Improvements on Peak Labeling

[borondics]

The new peak labeling functionality is great and I was thinking we could add an auto option to find some peaks with no user suffering.

A simple script

import numpy as np
from scipy.signal import find_peaks

dd = np.loadtxt('collagen.dat')
y = dd[:, 3]
p = find_peaks(y)

produces a pretty good result:

Not bad for a zero effort thing, right? Of course we would need to test it on billions of different spectra, but we shouldn't aim to be perfect I think.

@markotoplak, @stuart-cls, what do you think?

[borondics]

And of course, the user would fine-tune it and add the missing ones with the existing tool.

[markotoplak]

There already was a flexible (but in the end a bit too complex) option that @noahcabanas implemented. How does that function compare with his suggestion?
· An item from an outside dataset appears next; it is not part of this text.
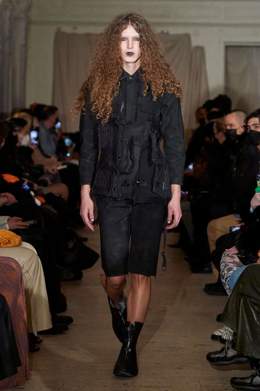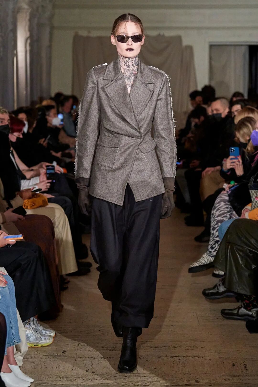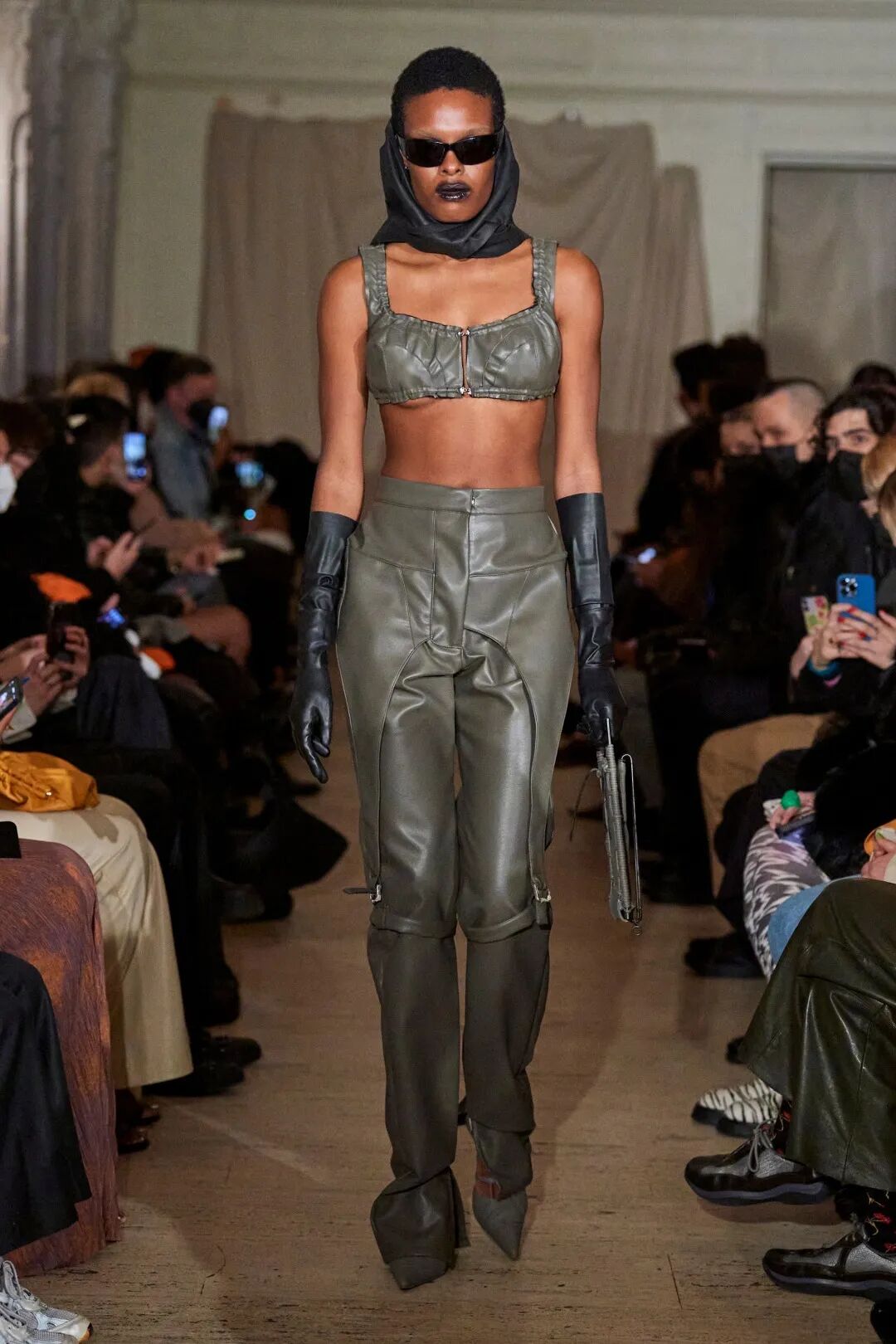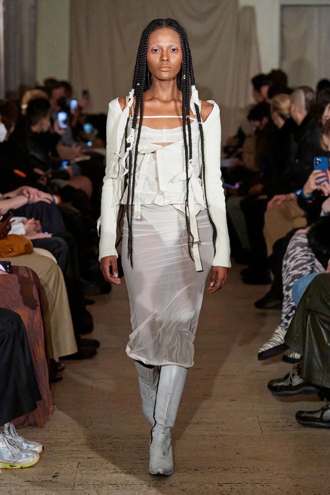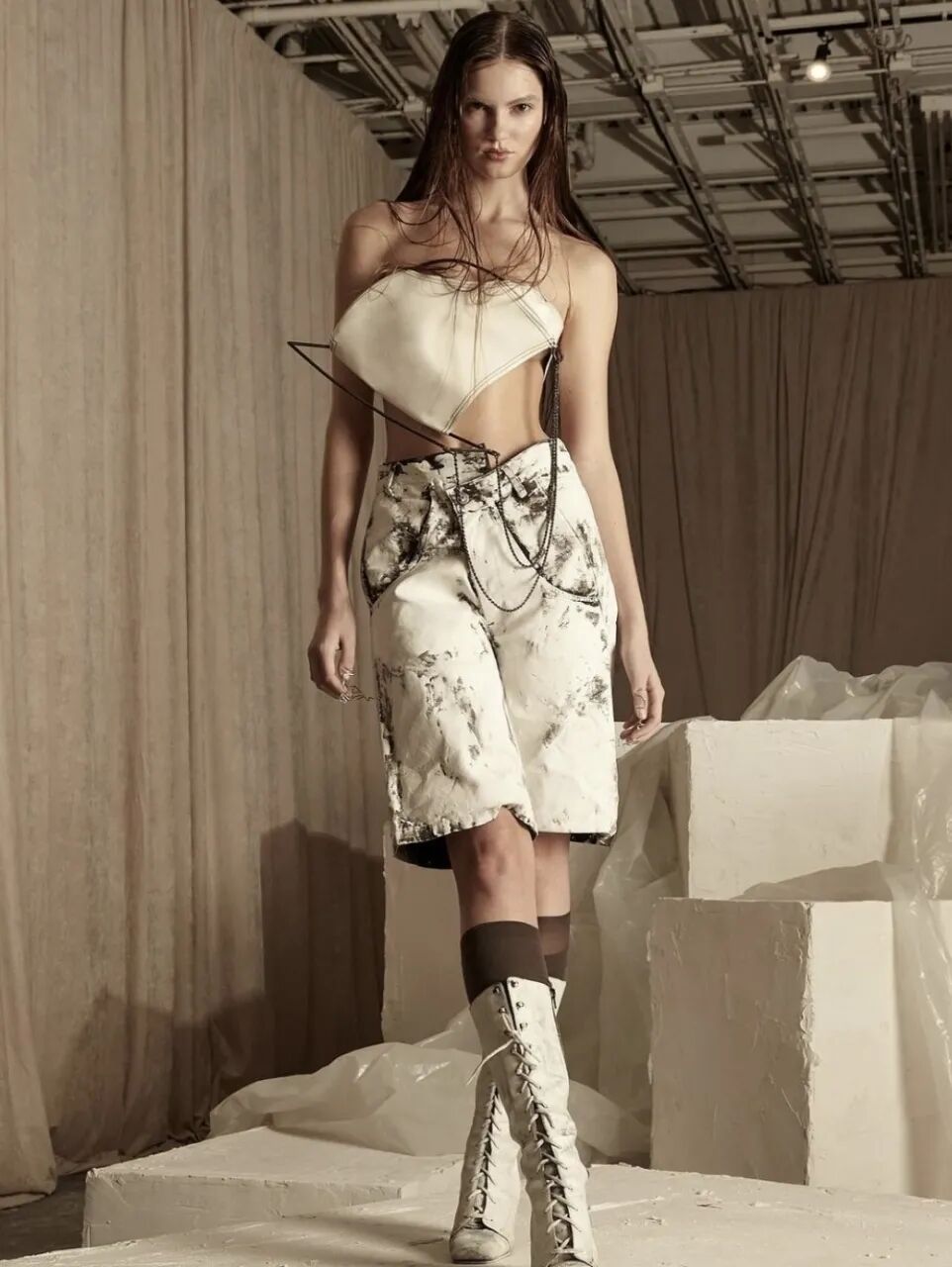与A-COLD-WALL*那种粗狂的工业风不同,Elena Velez将浪漫主义的火种播撒在了金属与粉尘中,解构主义的加持更是将服装以不同姿态展现,让人眼前一亮。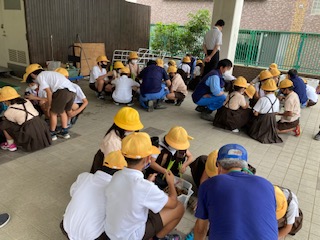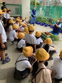 区役所、鶴見公園事務所、地域ボランティアさんたちに教えていただき、一人一鉢ずつ株分けをしました。

And more importantly, what does it do for multiple spectra? Or should we limit the user to select a spectrum and then use it?

[borondics]

Yeah, I think we shouldn't make it flexible. The purpose would be to put a bunch of vertical lines onto the spectrum in not random or equidistant positions. If it is a bit better than those, meaning that the lines are indeed close to peaks, we are winning.

For multiple spectra I would use the average. Again, this function would be to help the user in some way but not to have it perfect.